168 - AI-VOICE: a Method to Measure Caregiver Values for AI-triggered Actions
Saturday, April 26, 2025
2:30pm – 4:45pm HST
Publication Number: 168.3858
Gabriel Tse, Stanford University School of Medicine, Palo Alto, CA, United States; Nigam Shah, Stanford University School of Medicine, Palo Alto, CA, United States; Keith Morse, Stanford University School of Medicine, Palo Alto, CA, United States
Clinical Assistant Professor Stanford University School of Medicine Palo Alto, California, United States
Background: Patients and caregivers are the ultimate recipients of the benefits and costs of artificial intelligence (AI) in healthcare, but their involvement in AI development and deployment is limited. A crucial aspect of AI implementation involves deciding the risk threshold for triggering interventions, which involves assessing trade-offs of certain AI-triggered actions. Consider a sepsis prediction algorithm, where misclassifying a neonate as having sepsis (false positive) leads to unnecessary medical interventions, while misclassifying a septic neonate as not having sepsis (false negative) risks catastrophic clinical deterioration. While one outcome is clearly worse, how much worse is a purely subjective judgement. Few tools currently exist to measure these caregiver values. Consequently, these trade-offs are often judged by AI model developers and clinicians who may not accurately represent the values of caregivers. Objective: Develop a novel method to quantitatively measure caregiver values for outcomes of hypothetical AI-triggered actions. Design/Methods: A multidisciplinary team of clinicians, data scientists, and software engineers was formed to discuss and develop this method. The purpose, use cases, and must-haves of the method were defined prior to development. Results: AI-VOICE (Values-Oriented Implementation and Context Evaluation) was developed as a web-based survey tool that measures caregiver values for AI-triggered actions using a standard gamble framework (https://ai-voice.stanford.edu). Each completed survey maps to a point on the AI algorithm’s receiver operating characteristic curve, suggesting a caregiver-optimized risk threshold (Figure 1). The intended use is for health systems that are implementing AI tools into local care delivery processes as part of routine AI model evaluation. It can be used for both clinical and operational AI uses, and it is straightforward enough to be used by health systems without specialized expertise.
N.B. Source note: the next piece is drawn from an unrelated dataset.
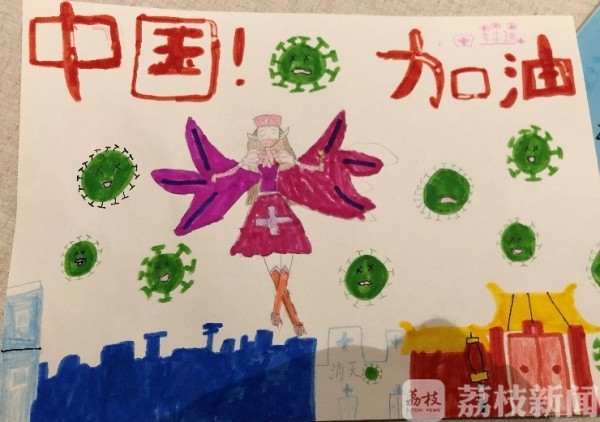 “这幅画是我送给妈妈的‘三八妇女节’礼物,我的妈妈是一名护士,希望她能化身成我画里的美少女战士,挥动她手中的魔法棒,把病毒早日消灭,中国加油,武汉加油,妈妈加油!”

Conclusion(s): AI-VOICE is the first tool developed that offers an accessible, quantitative method to incorporate caregiver perspectives of AI-triggered actions and can be used by health systems to fine-tune their AI models to better reflect caregiver values. Incorporating caregiver values into AI-informed actions may improve patient and caregiver trust in using AI for clinical decision support. Future research is needed prior to implementing AI-VOICE, which includes validating this method using real-world AI models and caregivers.